Greco W R, Park H S, Rustum Y M
Grace Cancer Drug Center, Roswell Park Memorial Institute, New York State Department of Health, Buffalo 14263.
Cancer Res. 1990 Sep 1;50(17):5318-27.
This report describes the application of a new approach, the universal response surface approach, to the quantitative assessment of drug interaction, i.e., the determination of synergism, antagonism, additivity, potentiation, inhibition, and coalitive action. The specific drug combination and experimental growth system for this introductory application was that of 1-beta-D-arabinofuranosylcytosine (ara-C) and cisplatin with simultaneous drug exposure (1, 3, 6, 12, or 48 h) against L1210 leukemia in vitro. To quantitate the type and degree of drug interaction, a model was fitted using nonlinear regression to the data from each separate experiment, and parameters were estimated (K. C. Syracuse and W. R. Greco, Proc. Biopharm. Sect. Am. Stat. Assoc., 127-132, 1986). The parameters included the maximum cell density over background in absence of drug, the background cell density in presence of infinite drug, the 50% inhibitory concentrations and concentration-effect slopes for each drug, and a synergism-antagonism parameter, alpha. A positive alpha indicates synergism, a negative alpha, antagonism, and a zero alpha, additivity. Maximal synergy was found with a 3-h exposure of ara-C + cisplatin, with alpha = 3.08 +/- 0.96 (SE) and 2.44 +/- 0.70 in two separate experiments. Four different graphic representations of the raw data and fitted curves provide visual indications of goodness of fit of the estimated dose-response surface to the data and visual indications of the intensity of drug interaction. The universal response surface approach is mathematically consistent with the traditional isobologram approach but is more objective, is more quantitative, and is more easily automated. Although specifically developed for in vitro cancer chemotherapy applications, the universal response surface approach should prove to be useful in the fields of pharmacology, toxicology, epidemiology, and biomedical science in general.

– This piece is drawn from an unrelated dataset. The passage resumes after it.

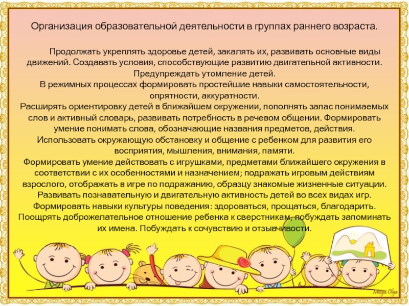 Слайд 6Организация образовательной деятельности в группах раннего возраста.

本报告描述了一种新方法——通用响应面法在药物相互作用定量评估中的应用,即协同作用、拮抗作用、相加作用、增强作用、抑制作用和联合作用的测定。本次初步应用的具体药物组合和实验生长系统是1-β-D-阿拉伯呋喃糖基胞嘧啶(阿糖胞苷)和顺铂,同时给药(1、3、6、12或48小时),用于体外抗L1210白血病。为了定量药物相互作用的类型和程度,使用非线性回归对每个单独实验的数据进行模型拟合,并估计参数(K.C. Syracuse和W.R. Greco,《美国统计协会生物制药分会论文集》,第127 - 132页,1986年)。这些参数包括无药物时高于背景的最大细胞密度、存在无限药物时的背景细胞密度、每种药物的50%抑制浓度和浓度 - 效应斜率,以及一个协同 - 拮抗参数α。α为正值表示协同作用,α为负值表示拮抗作用,α为零表示相加作用。阿糖胞苷 + 顺铂暴露3小时时发现最大协同作用,在两个单独实验中α分别为3.08±0.96(标准误)和2.44±0.70。原始数据和拟合曲线的四种不同图形表示提供了估计的剂量 - 反应面与数据拟合优度的直观指示以及药物相互作用强度的直观指示。通用响应面法在数学上与传统的等效线图法一致,但更客观、更定量且更易于自动化。尽管通用响应面法是专门为体外癌症化疗应用开发的,但总体而言,它在药理学、毒理学、流行病学和生物医学科学领域应会证明是有用的。